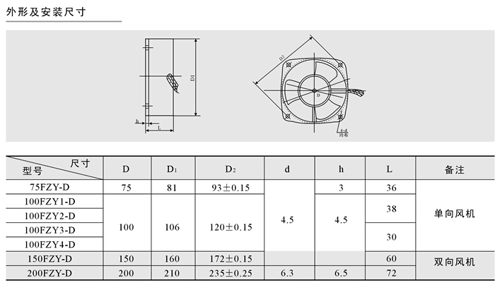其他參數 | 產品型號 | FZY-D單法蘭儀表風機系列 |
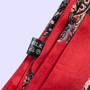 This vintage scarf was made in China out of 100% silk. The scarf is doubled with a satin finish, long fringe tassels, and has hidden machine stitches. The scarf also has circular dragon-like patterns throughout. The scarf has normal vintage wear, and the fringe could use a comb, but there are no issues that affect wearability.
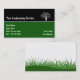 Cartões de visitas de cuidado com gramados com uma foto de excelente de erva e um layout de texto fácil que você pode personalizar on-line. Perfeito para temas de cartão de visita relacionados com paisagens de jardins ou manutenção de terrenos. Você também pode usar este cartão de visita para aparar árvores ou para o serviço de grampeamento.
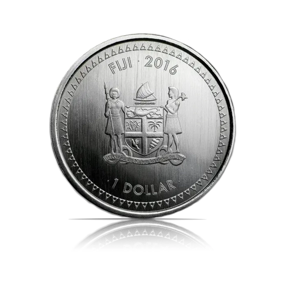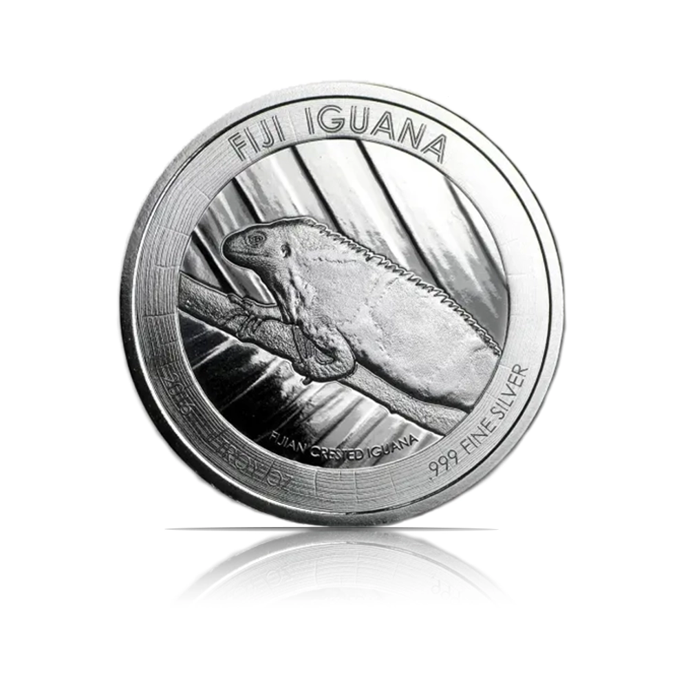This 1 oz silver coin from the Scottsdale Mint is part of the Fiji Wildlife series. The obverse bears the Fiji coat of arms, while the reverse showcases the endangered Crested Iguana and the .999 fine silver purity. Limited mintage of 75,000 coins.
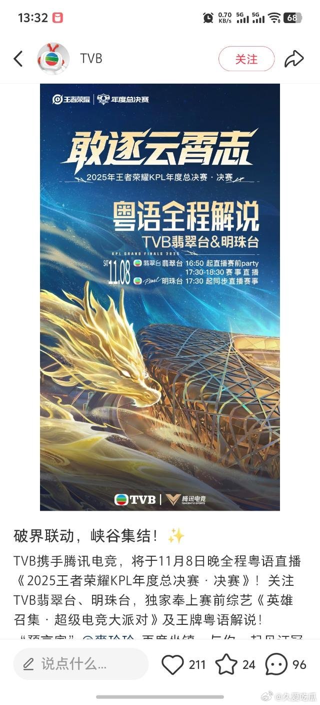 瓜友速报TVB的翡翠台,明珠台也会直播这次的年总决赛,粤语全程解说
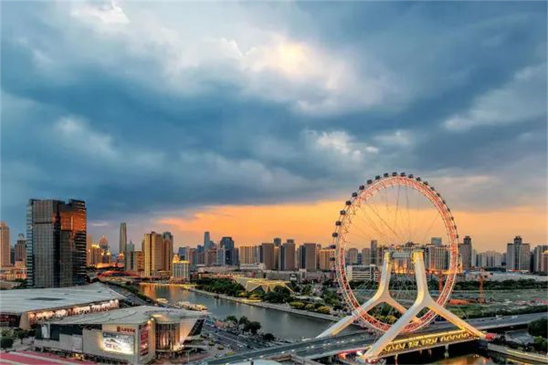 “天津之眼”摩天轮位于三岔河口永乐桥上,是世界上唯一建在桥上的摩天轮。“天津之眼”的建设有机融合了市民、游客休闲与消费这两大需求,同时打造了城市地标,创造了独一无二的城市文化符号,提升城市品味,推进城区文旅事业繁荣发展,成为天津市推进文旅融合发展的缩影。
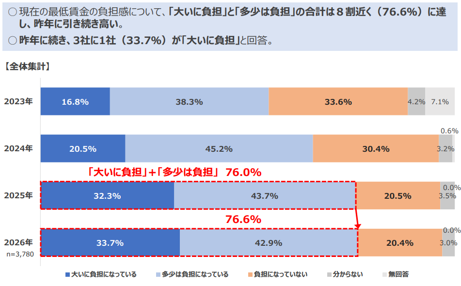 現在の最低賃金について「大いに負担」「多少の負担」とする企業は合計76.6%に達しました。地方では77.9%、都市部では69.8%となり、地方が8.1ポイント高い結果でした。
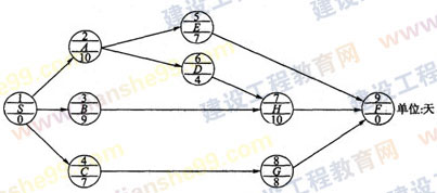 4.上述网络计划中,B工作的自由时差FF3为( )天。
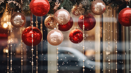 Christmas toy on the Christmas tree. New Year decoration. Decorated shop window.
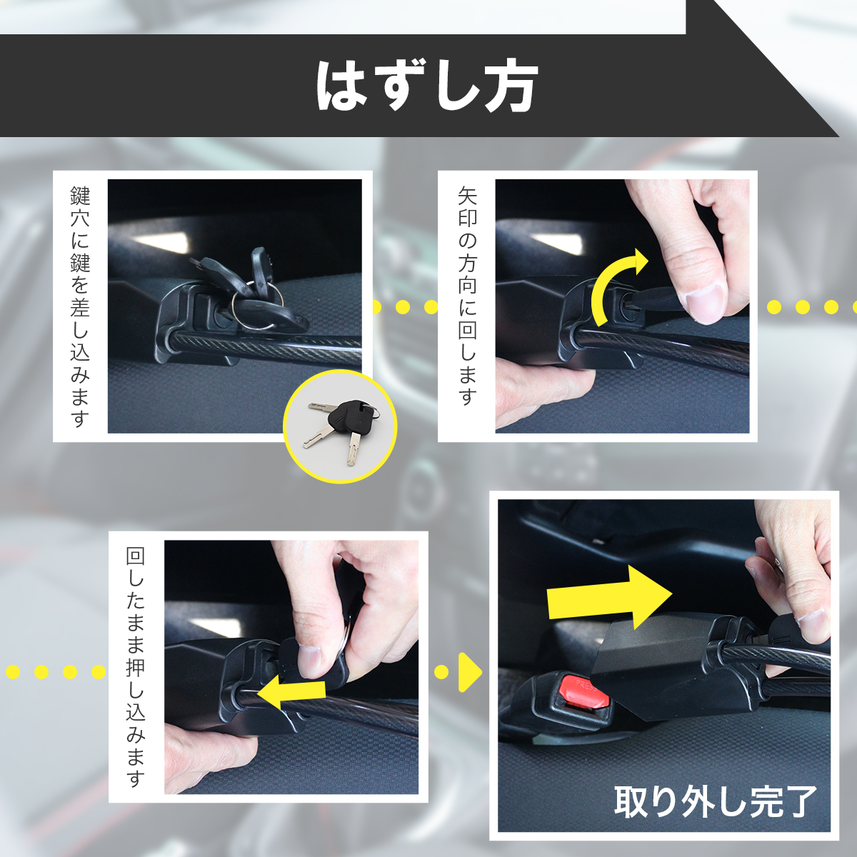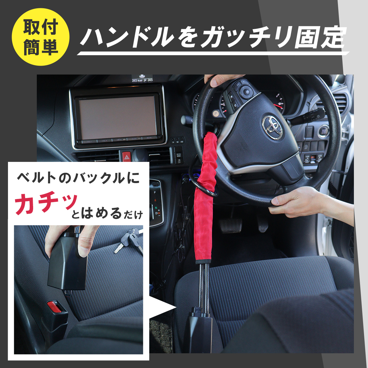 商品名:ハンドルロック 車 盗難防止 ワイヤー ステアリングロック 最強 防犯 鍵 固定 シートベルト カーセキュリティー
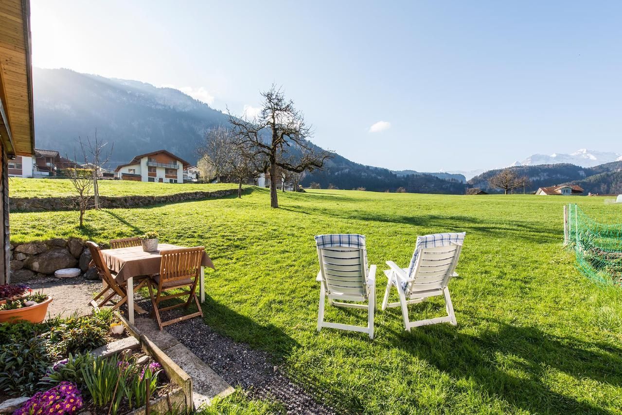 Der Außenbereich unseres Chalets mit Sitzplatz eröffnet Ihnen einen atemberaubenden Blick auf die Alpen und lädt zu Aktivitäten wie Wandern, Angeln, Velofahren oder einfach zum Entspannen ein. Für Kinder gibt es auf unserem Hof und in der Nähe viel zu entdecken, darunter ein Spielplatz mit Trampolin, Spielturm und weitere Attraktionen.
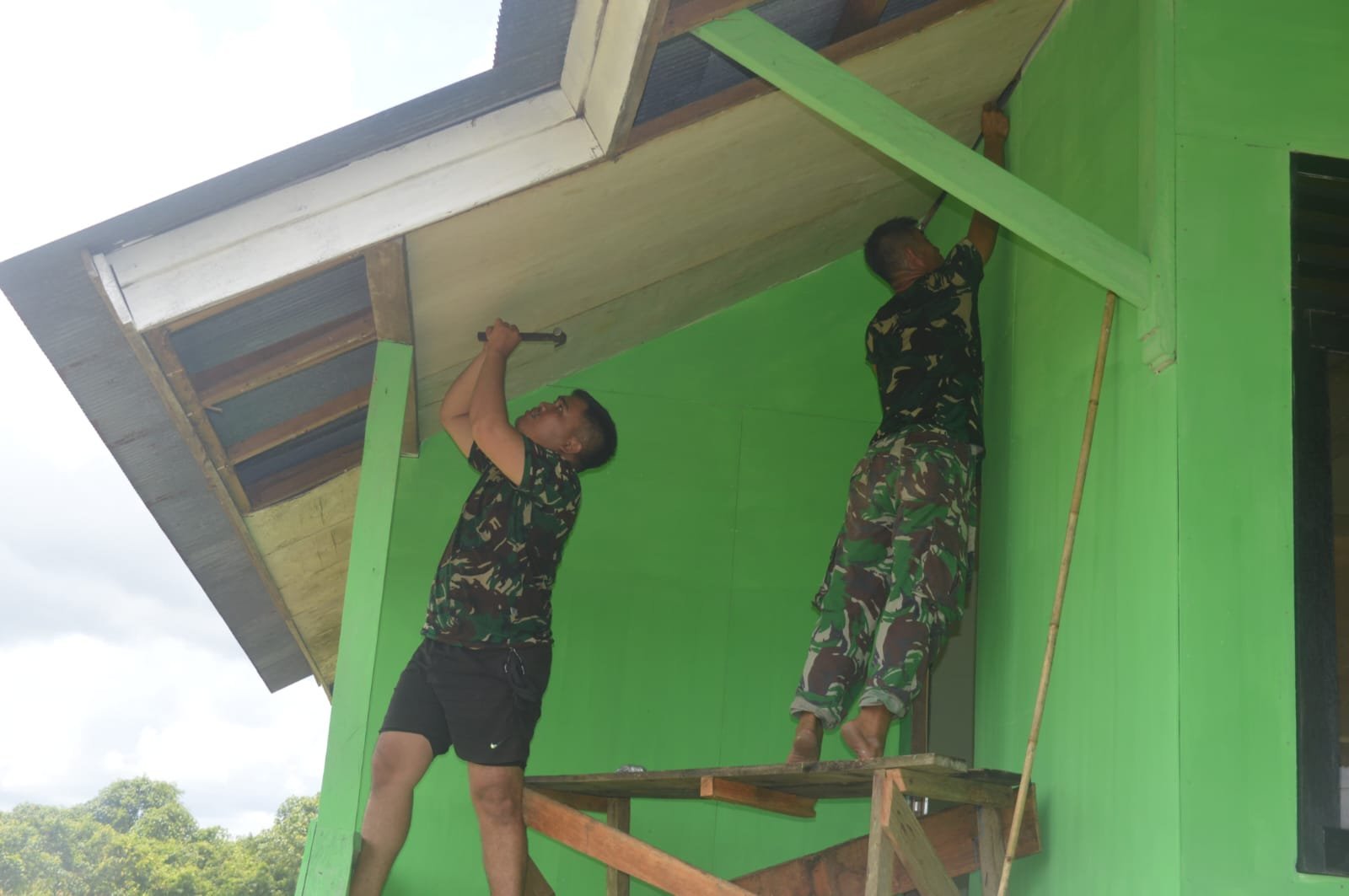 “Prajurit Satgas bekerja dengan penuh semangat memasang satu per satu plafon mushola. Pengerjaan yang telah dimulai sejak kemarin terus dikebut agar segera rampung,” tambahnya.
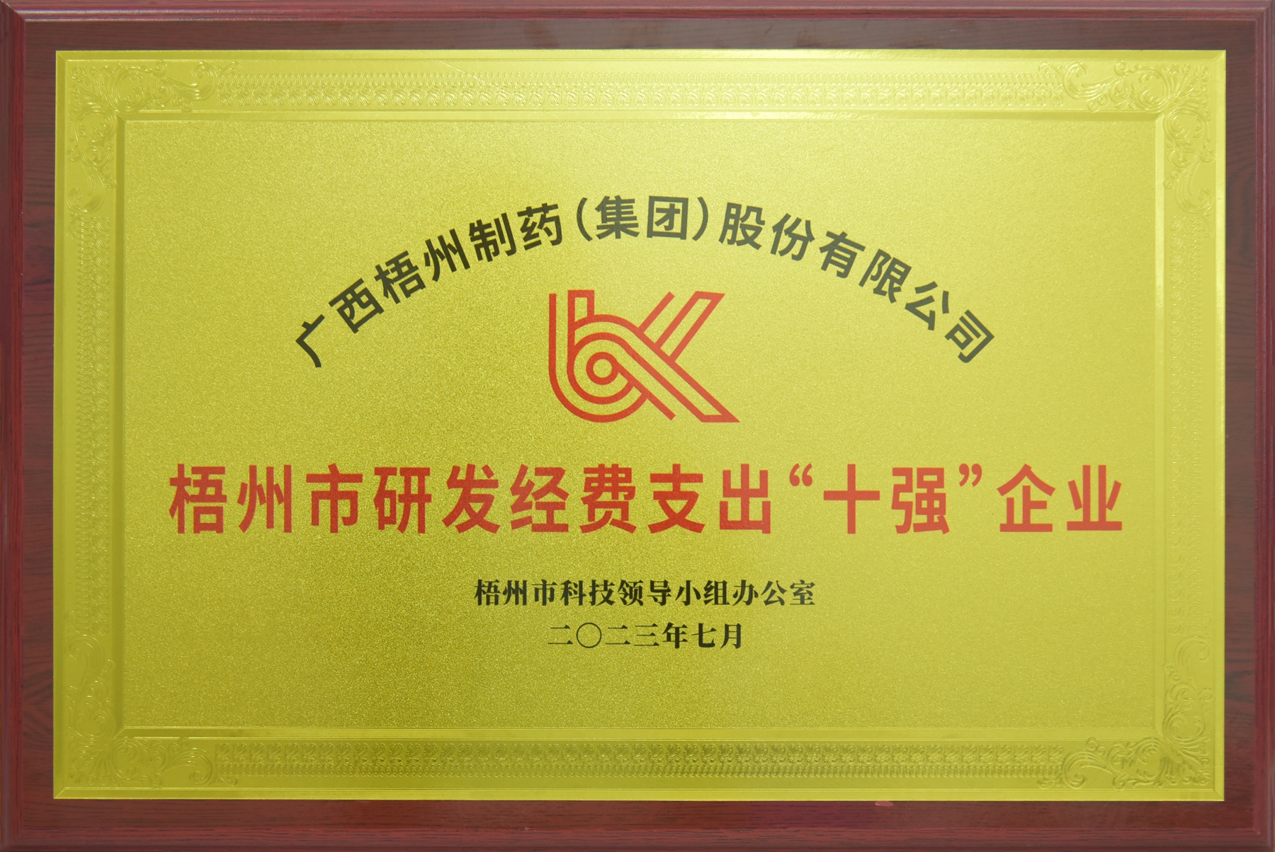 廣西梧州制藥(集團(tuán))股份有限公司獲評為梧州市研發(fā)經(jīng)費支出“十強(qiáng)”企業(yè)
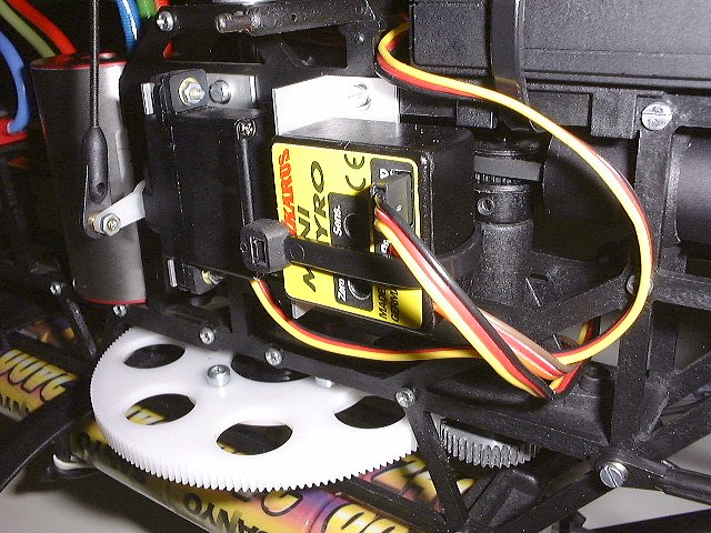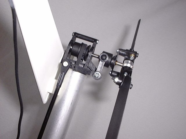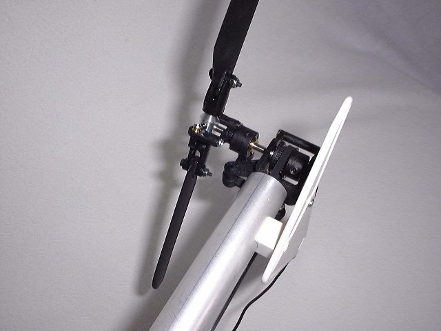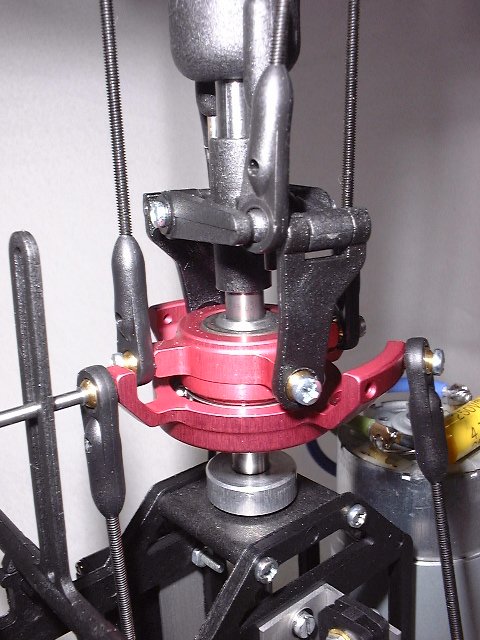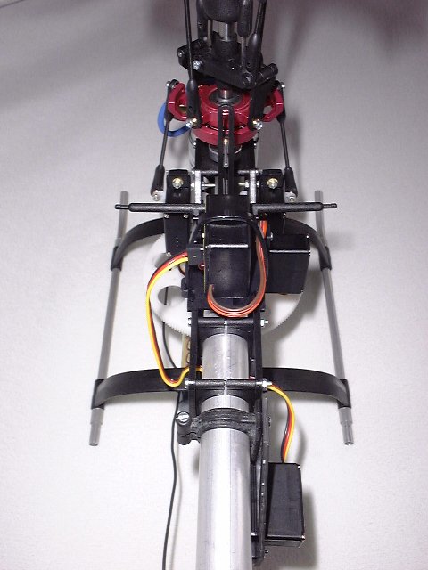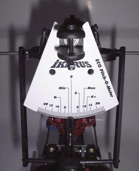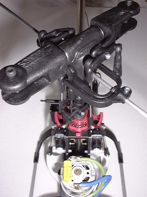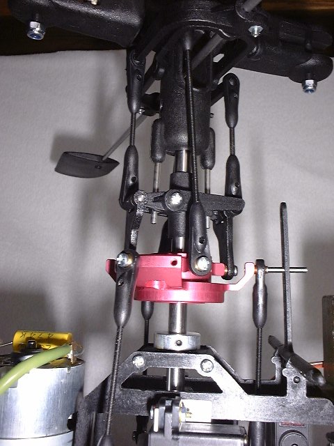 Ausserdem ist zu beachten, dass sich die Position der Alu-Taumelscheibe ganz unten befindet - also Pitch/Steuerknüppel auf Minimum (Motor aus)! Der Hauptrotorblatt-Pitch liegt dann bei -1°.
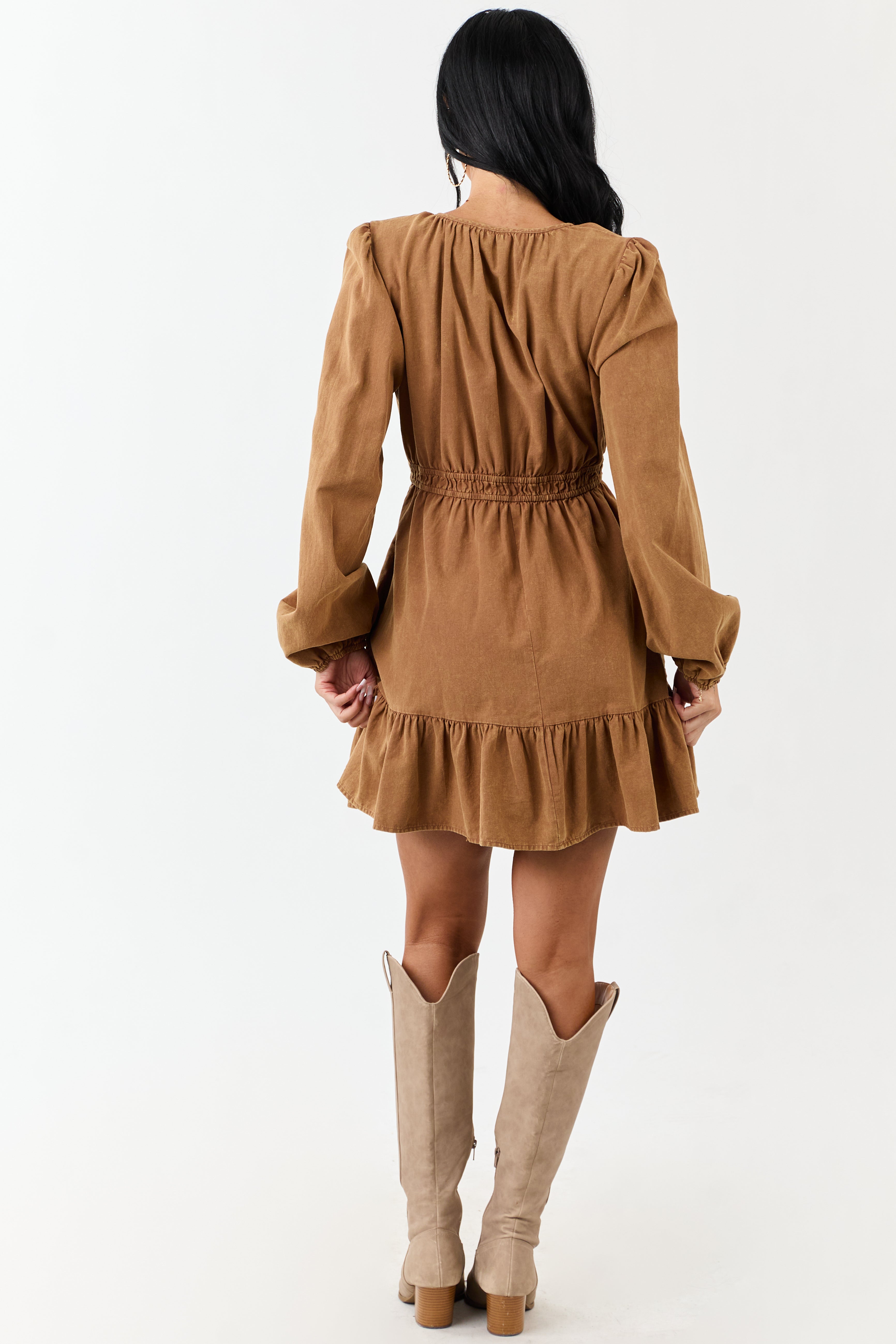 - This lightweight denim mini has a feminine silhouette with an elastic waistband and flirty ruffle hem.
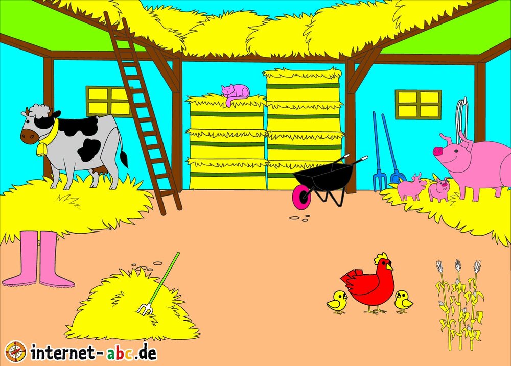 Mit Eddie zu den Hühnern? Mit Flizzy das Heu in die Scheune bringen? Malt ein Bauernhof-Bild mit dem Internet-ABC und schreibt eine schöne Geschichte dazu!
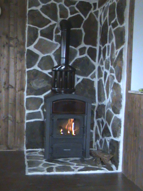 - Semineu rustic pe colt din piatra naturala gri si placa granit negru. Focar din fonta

__________

-- Exercise aim --
Print exactly the span of lines that begins with the line containing "Der Außenbereich unseres" and ends with the last line of the listing, with no pictures.

-- Answer to this problem --
 Der Außenbereich unseres Chalets mit Sitzplatz eröffnet Ihnen einen atemberaubenden Blick auf die Alpen und lädt zu Aktivitäten wie Wandern, Angeln, Velofahren oder einfach zum Entspannen ein. Für Kinder gibt es auf unserem Hof und in der Nähe viel zu entdecken, darunter ein Spielplatz mit Trampolin, Spielturm und weitere Attraktionen.
 “Prajurit Satgas bekerja dengan penuh semangat memasang satu per satu plafon mushola. Pengerjaan yang telah dimulai sejak kemarin terus dikebut agar segera rampung,” tambahnya.
 廣西梧州制藥(集團(tuán))股份有限公司獲評為梧州市研發(fā)經(jīng)費支出“十強(qiáng)”企業(yè)
 Ausserdem ist zu beachten, dass sich die Position der Alu-Taumelscheibe ganz unten befindet - also Pitch/Steuerknüppel auf Minimum (Motor aus)! Der Hauptrotorblatt-Pitch liegt dann bei -1°.
 - This lightweight denim mini has a feminine silhouette with an elastic waistband and flirty ruffle hem.
 Mit Eddie zu den Hühnern? Mit Flizzy das Heu in die Scheune bringen? Malt ein Bauernhof-Bild mit dem Internet-ABC und schreibt eine schöne Geschichte dazu!
 - Semineu rustic pe colt din piatra naturala gri si placa granit negru. Focar din fonta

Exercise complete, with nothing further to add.